Hello, sorry to say but it's highly unlikely that the RBP's are wild caught (99.9999%). They're more than likely captive bred from Singapore.

Nice fish regardless.


----------



## Trigga

^was gonna say the same thing

It doesn't really matter though you got a great setup and obviously take good care of them.


----------



## Ahmed

You're probably right, I think it would be an impossibility to ship over juvies across the atlantic to the Middle East. It must have been shipped over from the Far East instead.

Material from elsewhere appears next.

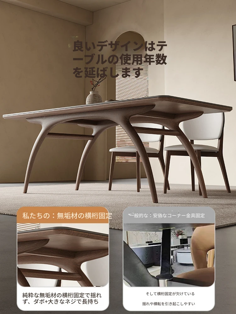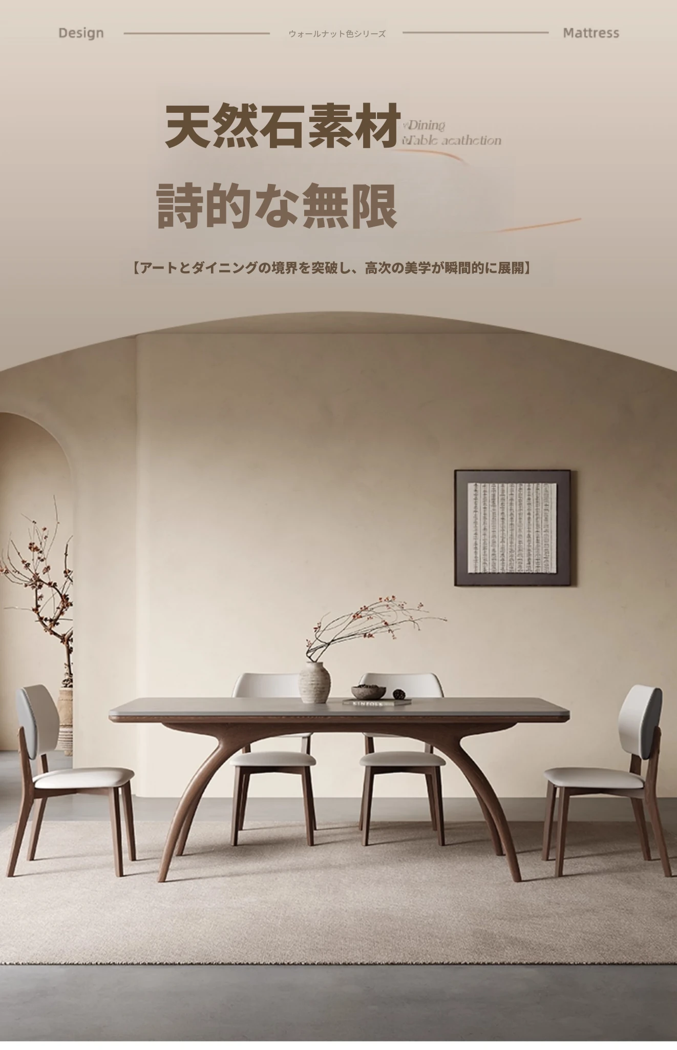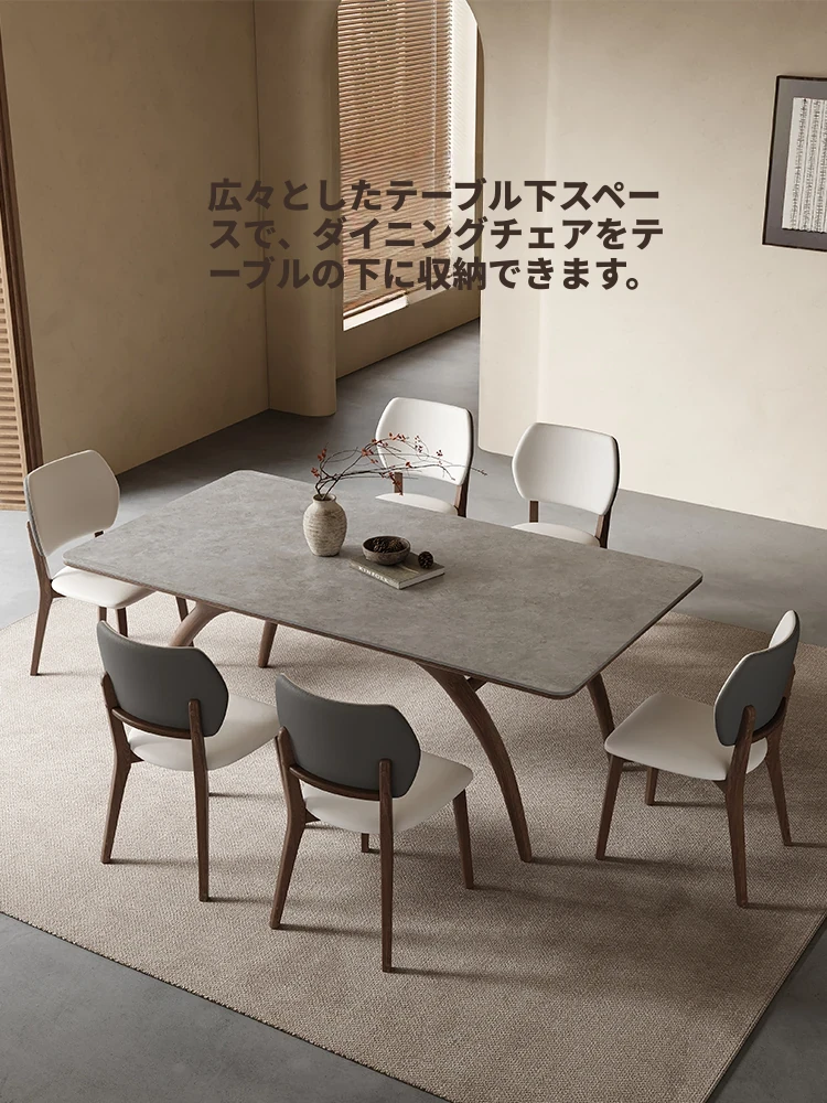 アーチ型天然木製ダイニングテーブル|モダンでシンプル、ラグジュアリーな雰囲気|小型住宅に最適|2025年新作ダイニングセット

Bahrain banned Piranhas 2 years ago, these were brought in via Saudi Arabia


----------



## scent troll

wild caught or not...great set up all around. glad you got a hold of em


----------



## Ahmed

Fortnightly update folks!

I decided to remove the plants so they become less aggressive towards each other!


----------



## scent troll

^ nicely done
i like it. tank looks huge without plants. fish look amazing


----------



## Da' Manster!

Sweet video Ahmed!...







...that's basically how I do my tanks now...just gravel and that's it!..no decor, no plants!...


----------



## Ahmed

Got my boys a gift today


----------



## Ahmed

Lost two fish already because of aggression. Yesterday I had the MP60 running on half power.. they went ballistic and when I got back after 15 minutes... a head with no eye balls floatin around! Damnit!!!

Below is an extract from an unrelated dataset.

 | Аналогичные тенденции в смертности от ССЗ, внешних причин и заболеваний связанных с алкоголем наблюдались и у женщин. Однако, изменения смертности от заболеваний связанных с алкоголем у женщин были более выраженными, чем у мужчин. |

I need to get a water chiller cause I am convinced my 29 degree water is doing this!


----------



## Ahmed

Update


----------



## Da' Manster!

Very active tank!....


----------



## Ahmed

Another update


----------



## scent troll

theyre at that perfect size. where theyre really filling out and you cant start telling them apart. dude these fish are WELL fed! lol
big old bellies on these guys haha

i like it man. simple, healthy looking...what more do you need? very nice p's bro


----------



## Ahmed

Lunchtime!!!!!


----------



## Da' Manster!

Be careful Ahmed!...







...reds are notorious for jumping out of water during feeding frenzies!..As soon as they surface to the top, just drop it in!...


----------



## vince.v

WOW!Im speechless ...







thats one BIG RBP heaven


----------



## Ahmed

Update again


----------



## Da' Manster!

Thanks for the update, Ahmed!...


----------



## Ahmed

Update


----------



## Ahmed

More from today


----------



## Da' Manster!

Wow!..those guys are growing up real fast!...thanks for sharing!...


----------



## Ahmed

Sorry if I'm boring you guys! Let me know if I am..

UPDATE!


----------



## Da' Manster!

Your reds are looking good and most of the shoal is still intact!...


----------



## Ahmed

My hungry P's.


----------



## audiction

nice set up.


----------